Let us now get to the crux of many problems we face in managing complex systems, and I would argue safeguarding the future of our world and species – time. Sorry if that all sounds very dramatic, but I firmly believe that at the heart of the major problems facing humankind is our ability to conceive and perceive time (in passing) and project forward (time-travel mentally) but to fall short in fully experiencing such projections or past recollections at the same cognitive level and emotional intensity we do the present. We stole fire from the gods, but we have yet to wield it in a less destructive and far more conservation way. We need fire to shine a light into the dark tunnel in either direction of the arrow of time. Still, we have yet to fully appreciate and accept that any (in)sight we are offered in doing so is only a scanty shimmer of what lies ahead or behind us. We are always situated in the present, and the context of the past and consequences of the future are invariably experienced diluted and distilled. We have yet to be able to step in the same river twice. We can look forward and backward, but it is never truly experienced in the same way the present is. Our current observability tools have yet to address this omission in the mind’s cognitive development and evolution. There can be no time travel without memory.

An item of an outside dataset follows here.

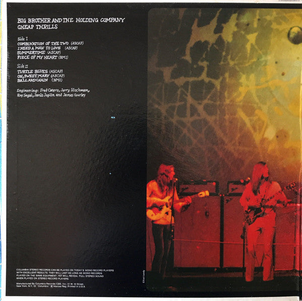 Manufactured by Columbia Records / CBS, Inc. / 51 W. 52 Street, New York, N.Y. Printed in U.S.A. Live material recorded at Bill Graham's Fillmore Auditorium. Approved By Hell's Angels Frisco. Photo on back cover of Janis Joplin: © Thomas Weir 1967 This is an undisclosed pressing without barcode. For pressings without barcode where the runouts contain relevant information about the manufacturing process, see: [r14176337, [r10084564, [r14799339, [r8318736, [r15654922.

The graphic above is not necessarily a timeline of progression as observability initially started with the in-the-moment experience with direct human-to-machine communication of performance-related data when both human operator and machine were spatially collocated. That said, there was a trend that moved from the past to the present with the introduction of near real-time telemetry data collection over yesteryear logging technology. Today even near-real-time is insufficient, with organizations moving from reactive to proactive in demanding predictive capabilities. Observability deals in the past; it measures, captures, records, and collects some executed activity or generated event representing an operation or outcome. When humans consider the past, they are not thinking about metrics or logs; instead, they recall (decaying) memories of experiences. When a human operator does recall watching a metric dashboard, they do not remember the data points but instead the experience of observing. An operator might be able to recall one or two facts about the data, but this will be wrapped in the context of the episodic memory. A machine is entirely different; the past is never reconstructed in the same manner as the original execution, and the historical data does not decay naturally though it can be purged and the precision diminished over time. Instead, there is a log file or other historical store containing callouts, signposts, metrics, or messages that allude to what has happened. An operator must make sense of the past from a list of strings.
A challenge here is when there are multiple separate historical data sources. So, at the beginning of the evolution of monitoring and observability, much of the engineering effort was on fusing data, resulting in the marketing-generated requirement of a “single pane”. Unfortunately, fusion was simplistic and superficial; there was hardly any semantic level integration. Instead, the much-hyped data fusion capabilities manifested merely as the juxtapositioning of data tiles laid out in a dashboard devoid of a situation representation.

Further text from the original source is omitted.